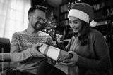Happy woman opens gift box from her boyfriend on Christmas day at home.
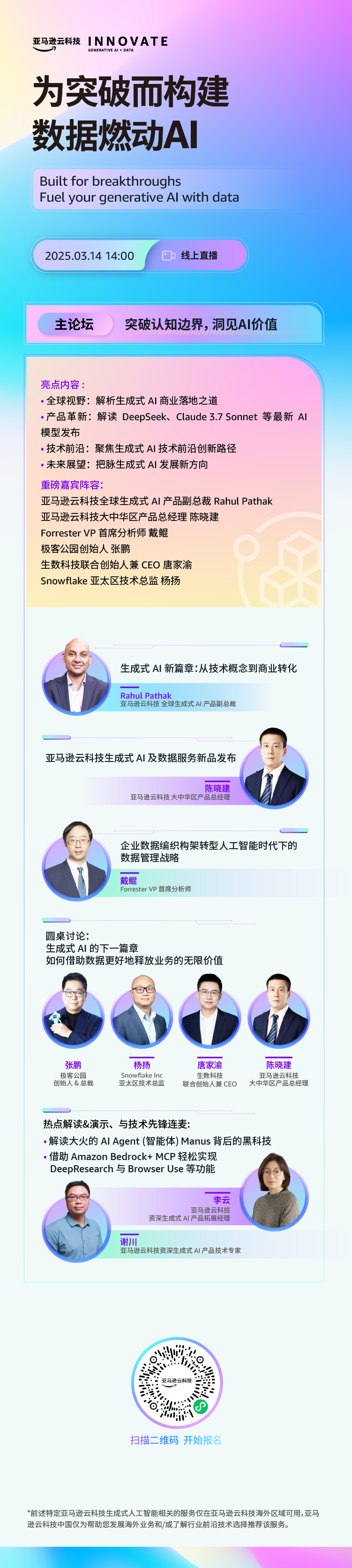 3月14日,亚马逊云科技INNOVATE 2025生成式AI+Data主题线上大会,一场浓缩AI未来进化轨迹的科技盛宴!从底层架构到商业实践,从技术突破到价值释放,全球AI及数据科学领袖汇聚,为您解码未来技术图谱!
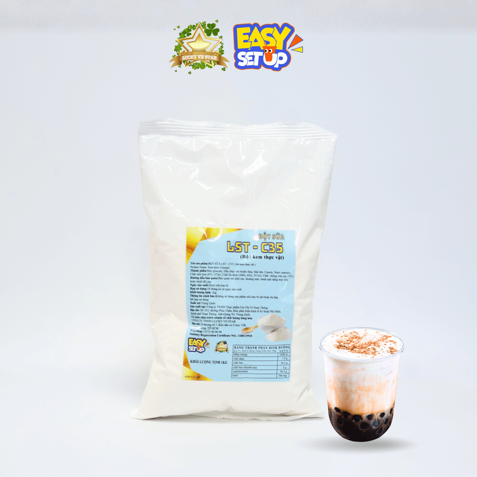 Bột pha trà sữa LST – C35 LUCKY VN STAR là bột sữa bán chạy nhất trên thị trường. Đối tượng chủ yếu là các quán trà sữa và café đá xay có đầu tư. Nếu bạn uống 1 ly trà sữa có độ sánh đậm thì 90% được pha bằng bột sữa LST – C35 LUCKY VN STAR
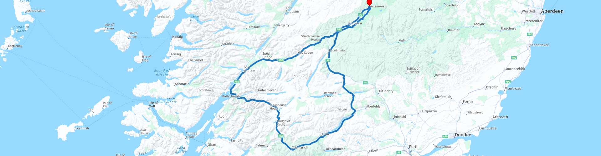 Roundtour Aviemore over Crianbarich passing by Fort William en Glen Coe
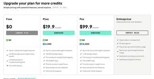 骡子快跑(MuleRun)采用?订阅套餐与按量付费相结合?的收费模式,个人用户起步价约为?19.9 美元/月?。
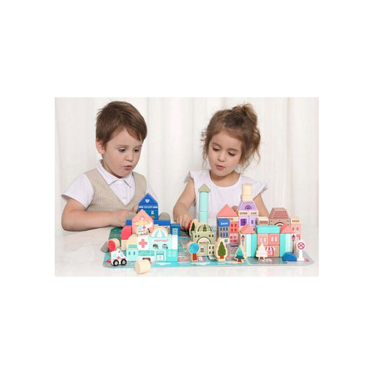 Fa oktató építőkocka város készlet szőnyeggel 88 kockával
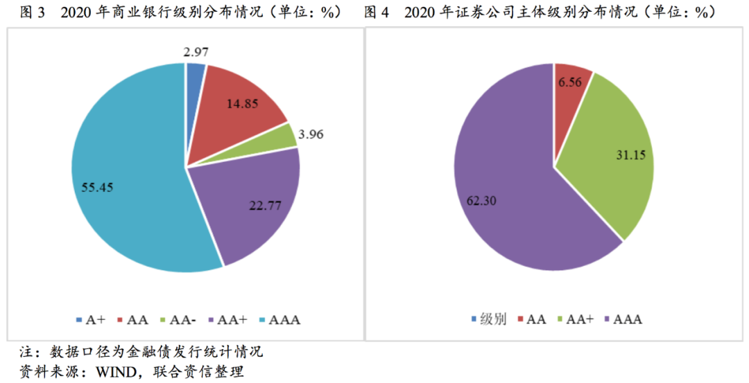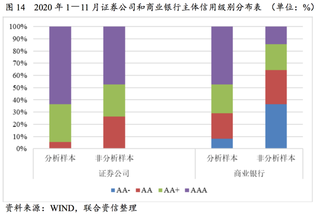 商業(yè)銀行信用級別分布較廣,證券公司高信用級別發(fā)債占比高于商業(yè)銀行。
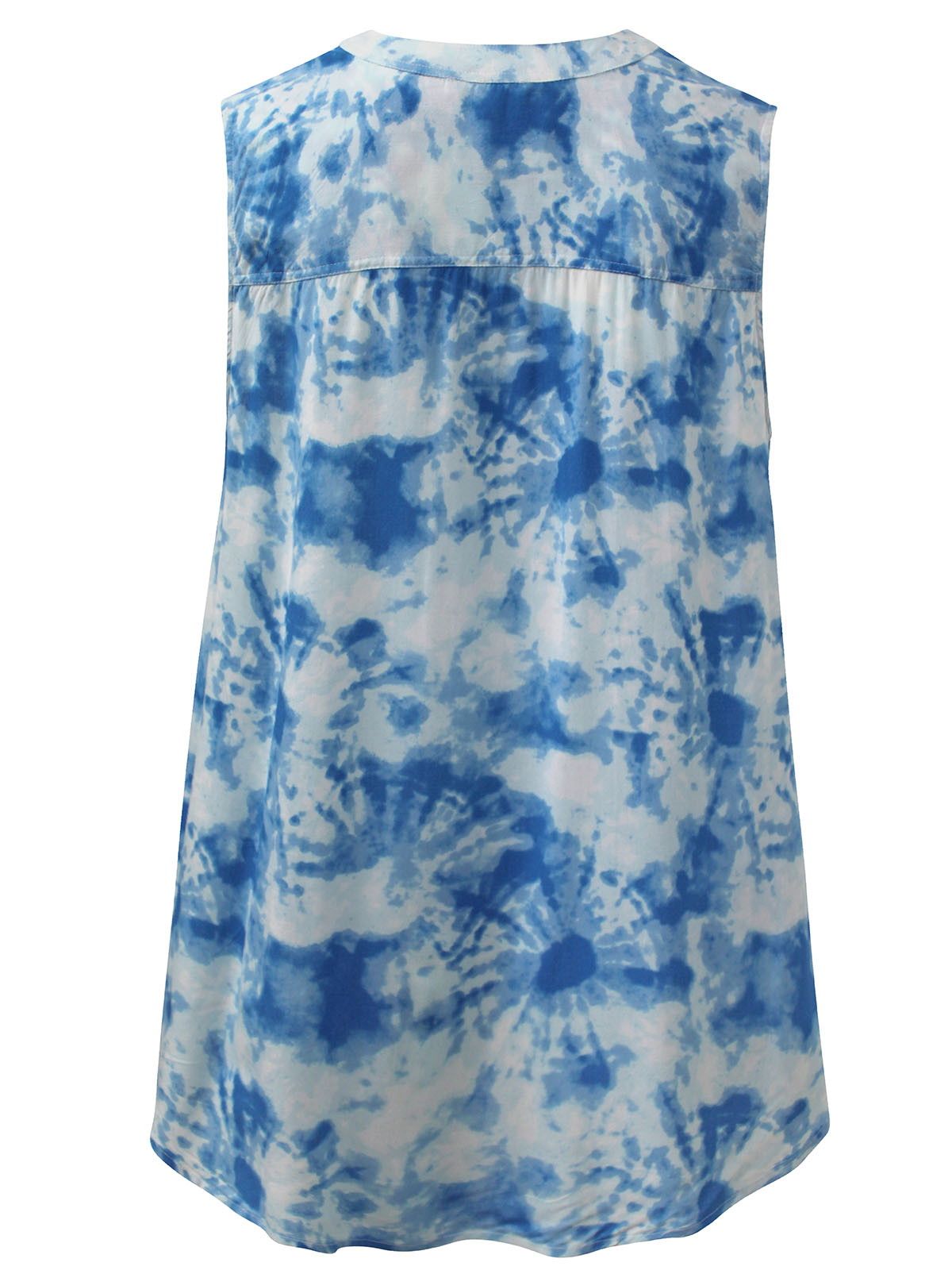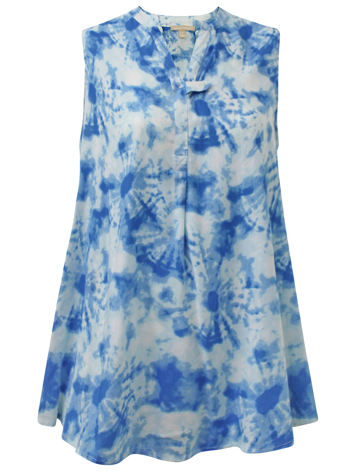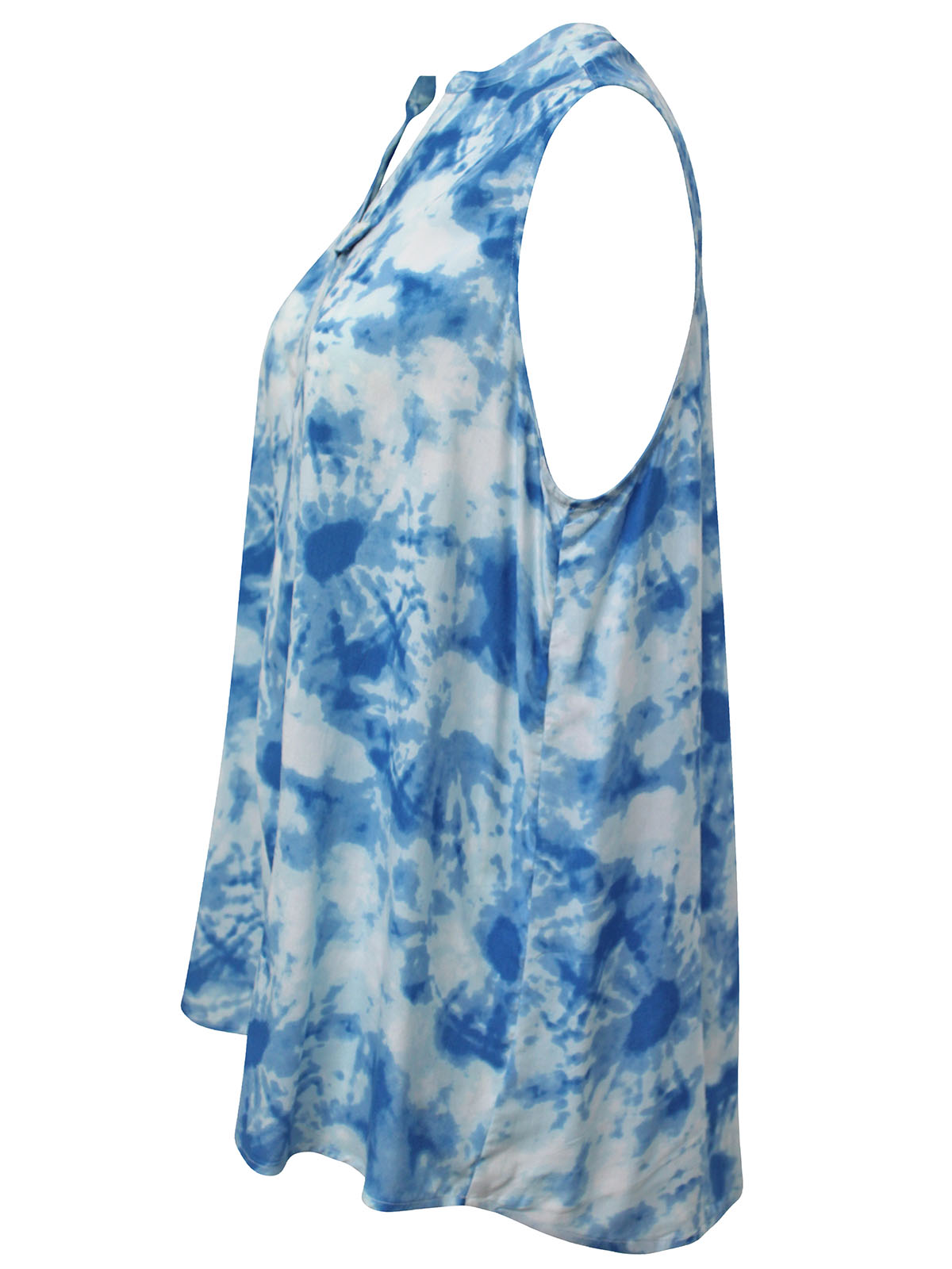 Sleeveless Tab Front Tunic - Vibrant Blue Tie Dye
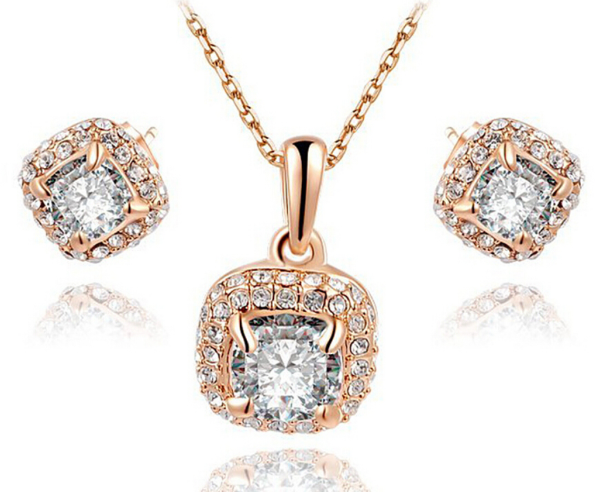 Hermoso juego de aretes y dije en baño de oro rosa de 18 quilates , diseño de cuadro con critales blancos corte brillante e incrustaciones de cristales en color blanco. Fabricado en una estructura de aleación de platino con rodio sin níquel.
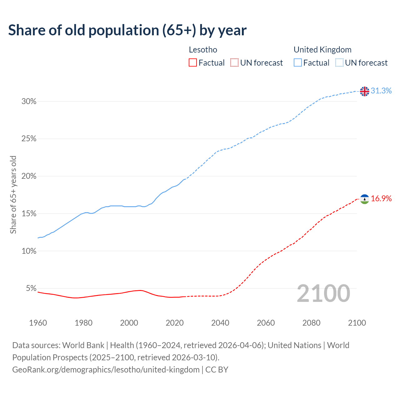 The share of older people aged 65 and over is 3.86% in Lesotho and 19.5% in the United Kingdom. Life expectancy in Lesotho compared to the United Kingdom .
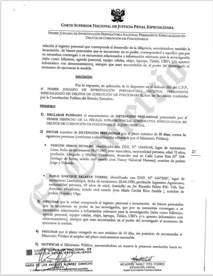 La medida coercitiva fue dictada por la jueza María Álvarez, de la Corte Superior de Justicia Penal Especalizada. La orden de detención preliminar también incluye a Enrique Salazar Torres, exgerente del Proyecto Especial Olmos Tinajones y hombre de confianza de Simon.
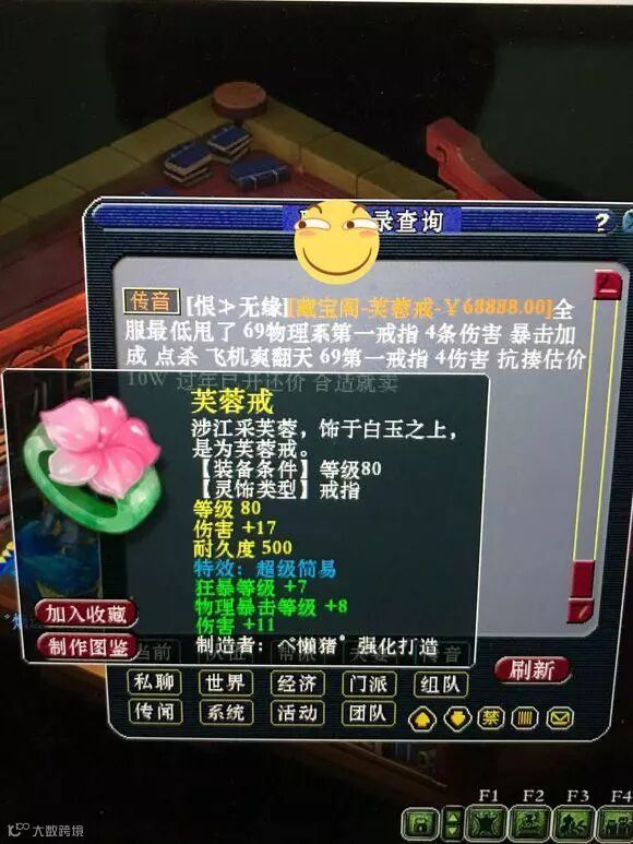 有位玩家发传音:这个灵饰抗揍估价10W,先来先有啊!
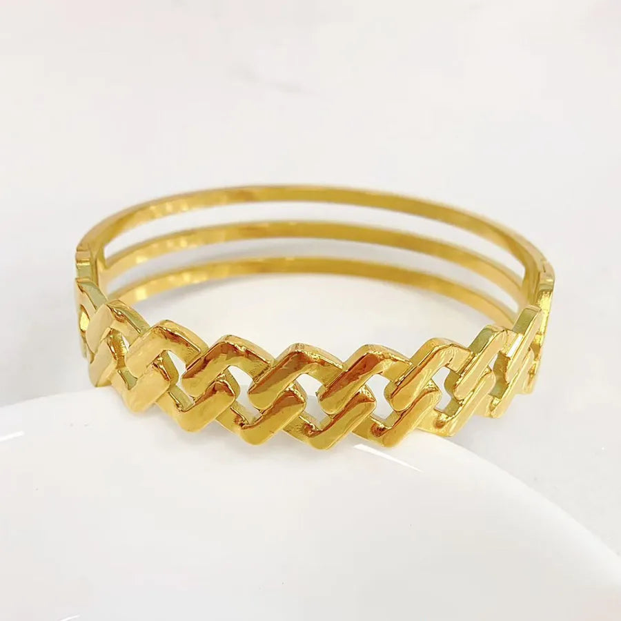 Featuring a unique interlocking design, this bangle showcases precise craftsmanship and an eye-catching pattern that stands out. Its lustrous gold finish adds a touch of luxury to any outfit, making it an ideal accessory for both casual and formal occasions.
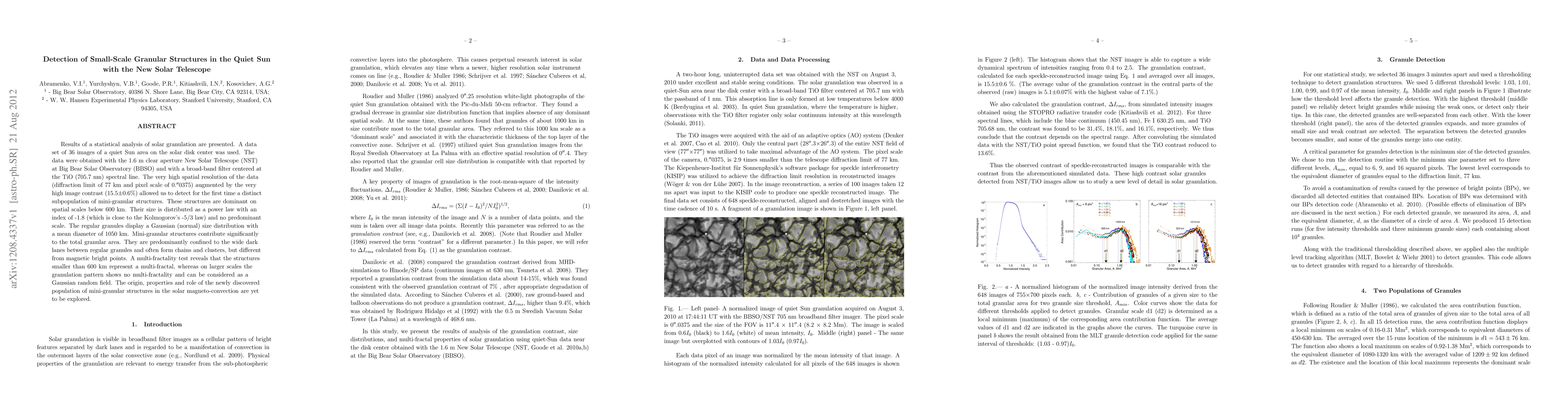 This paper reports the detection of small-scale mini-granular structures in the quiet Sun using the New Solar Telescope, revealing a distinct subpopulation of structures below 600 km in size. These structures follow a power law distribution and exhibit multi-fractality, contrasting with the Gaussian random field nature of larger granules.
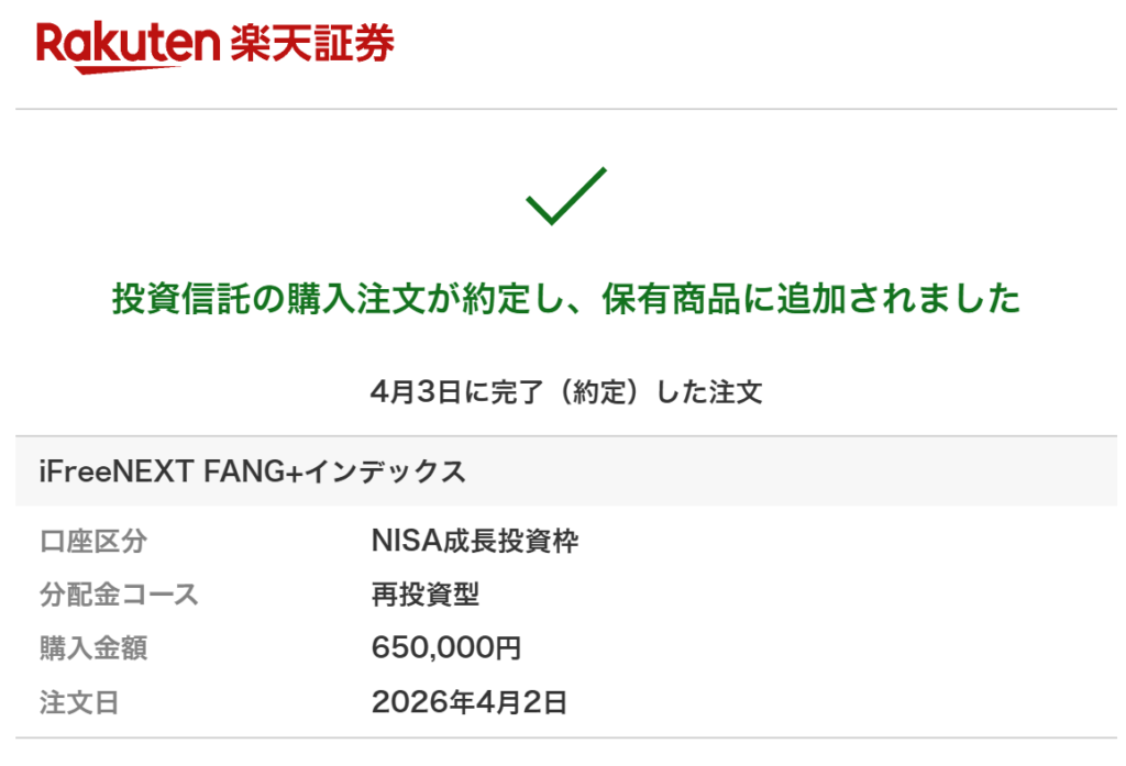 4月2日に注文出して3日に約定。手動による成長枠投資への投入も無事完了しました。
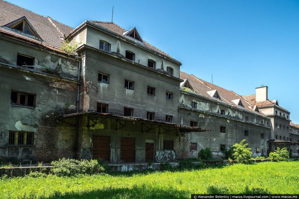Руїни заводу, побудованого в'язнями табору Аушвіц. 1200 "рабів" безкоштовно працювали на виробництві та робили запобіжники для артилерійських снарядів. Після війни територія перейшла до місцевої компанії по ремонту автомобілів, вони змінили дах, але інша частина будівлі залишилася практично такою ж, як і при будівництві.
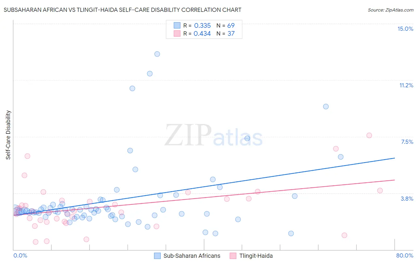 Subsaharan African vs Tlingit-Haida Self-Care Disability Correlation Chart
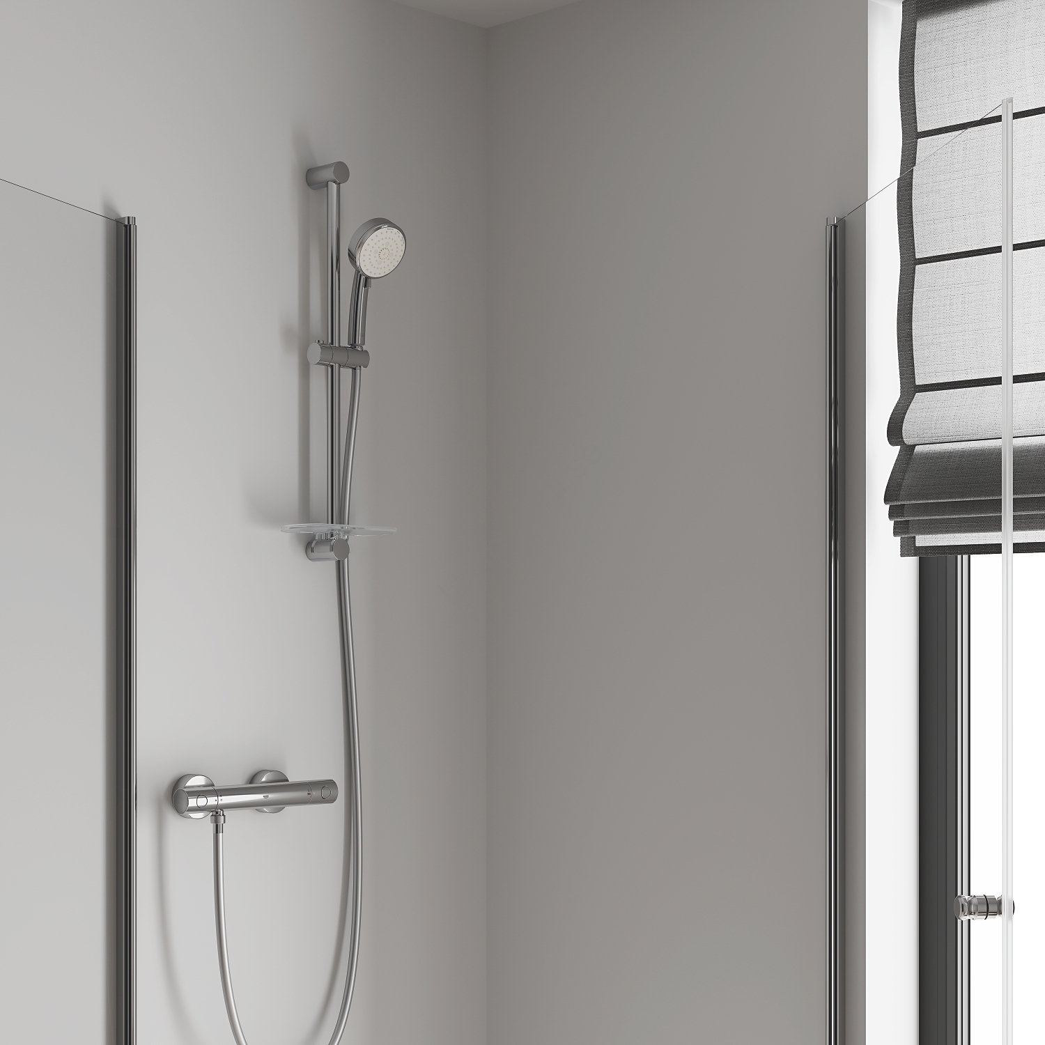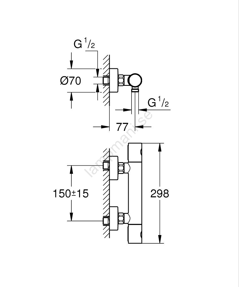 • Väggmonterad termostatblandare för dusch för enkel installation.
--- --- ---
**Required action**
Pictures aside, restate all of the entries exactly.

**Answer section**
Happy woman opens gift box from her boyfriend on Christmas day at home.
 3月14日,亚马逊云科技INNOVATE 2025生成式AI+Data主题线上大会,一场浓缩AI未来进化轨迹的科技盛宴!从底层架构到商业实践,从技术突破到价值释放,全球AI及数据科学领袖汇聚,为您解码未来技术图谱!
 Bột pha trà sữa LST – C35 LUCKY VN STAR là bột sữa bán chạy nhất trên thị trường. Đối tượng chủ yếu là các quán trà sữa và café đá xay có đầu tư. Nếu bạn uống 1 ly trà sữa có độ sánh đậm thì 90% được pha bằng bột sữa LST – C35 LUCKY VN STAR
 Roundtour Aviemore over Crianbarich passing by Fort William en Glen Coe
 骡子快跑(MuleRun)采用?订阅套餐与按量付费相结合?的收费模式,个人用户起步价约为?19.9 美元/月?。
 Fa oktató építőkocka város készlet szőnyeggel 88 kockával
 商業(yè)銀行信用級別分布較廣,證券公司高信用級別發(fā)債占比高于商業(yè)銀行。
 Sleeveless Tab Front Tunic - Vibrant Blue Tie Dye
 Hermoso juego de aretes y dije en baño de oro rosa de 18 quilates , diseño de cuadro con critales blancos corte brillante e incrustaciones de cristales en color blanco. Fabricado en una estructura de aleación de platino con rodio sin níquel.
 The share of older people aged 65 and over is 3.86% in Lesotho and 19.5% in the United Kingdom. Life expectancy in Lesotho compared to the United Kingdom .
 La medida coercitiva fue dictada por la jueza María Álvarez, de la Corte Superior de Justicia Penal Especalizada. La orden de detención preliminar también incluye a Enrique Salazar Torres, exgerente del Proyecto Especial Olmos Tinajones y hombre de confianza de Simon.
 有位玩家发传音:这个灵饰抗揍估价10W,先来先有啊!
 Featuring a unique interlocking design, this bangle showcases precise craftsmanship and an eye-catching pattern that stands out. Its lustrous gold finish adds a touch of luxury to any outfit, making it an ideal accessory for both casual and formal occasions.
 This paper reports the detection of small-scale mini-granular structures in the quiet Sun using the New Solar Telescope, revealing a distinct subpopulation of structures below 600 km in size. These structures follow a power law distribution and exhibit multi-fractality, contrasting with the Gaussian random field nature of larger granules.
 4月2日に注文出して3日に約定。手動による成長枠投資への投入も無事完了しました。
Руїни заводу, побудованого в'язнями табору Аушвіц. 1200 "рабів" безкоштовно працювали на виробництві та робили запобіжники для артилерійських снарядів. Після війни територія перейшла до місцевої компанії по ремонту автомобілів, вони змінили дах, але інша частина будівлі залишилася практично такою ж, як і при будівництві.
 Subsaharan African vs Tlingit-Haida Self-Care Disability Correlation Chart
 • Väggmonterad termostatblandare för dusch för enkel installation.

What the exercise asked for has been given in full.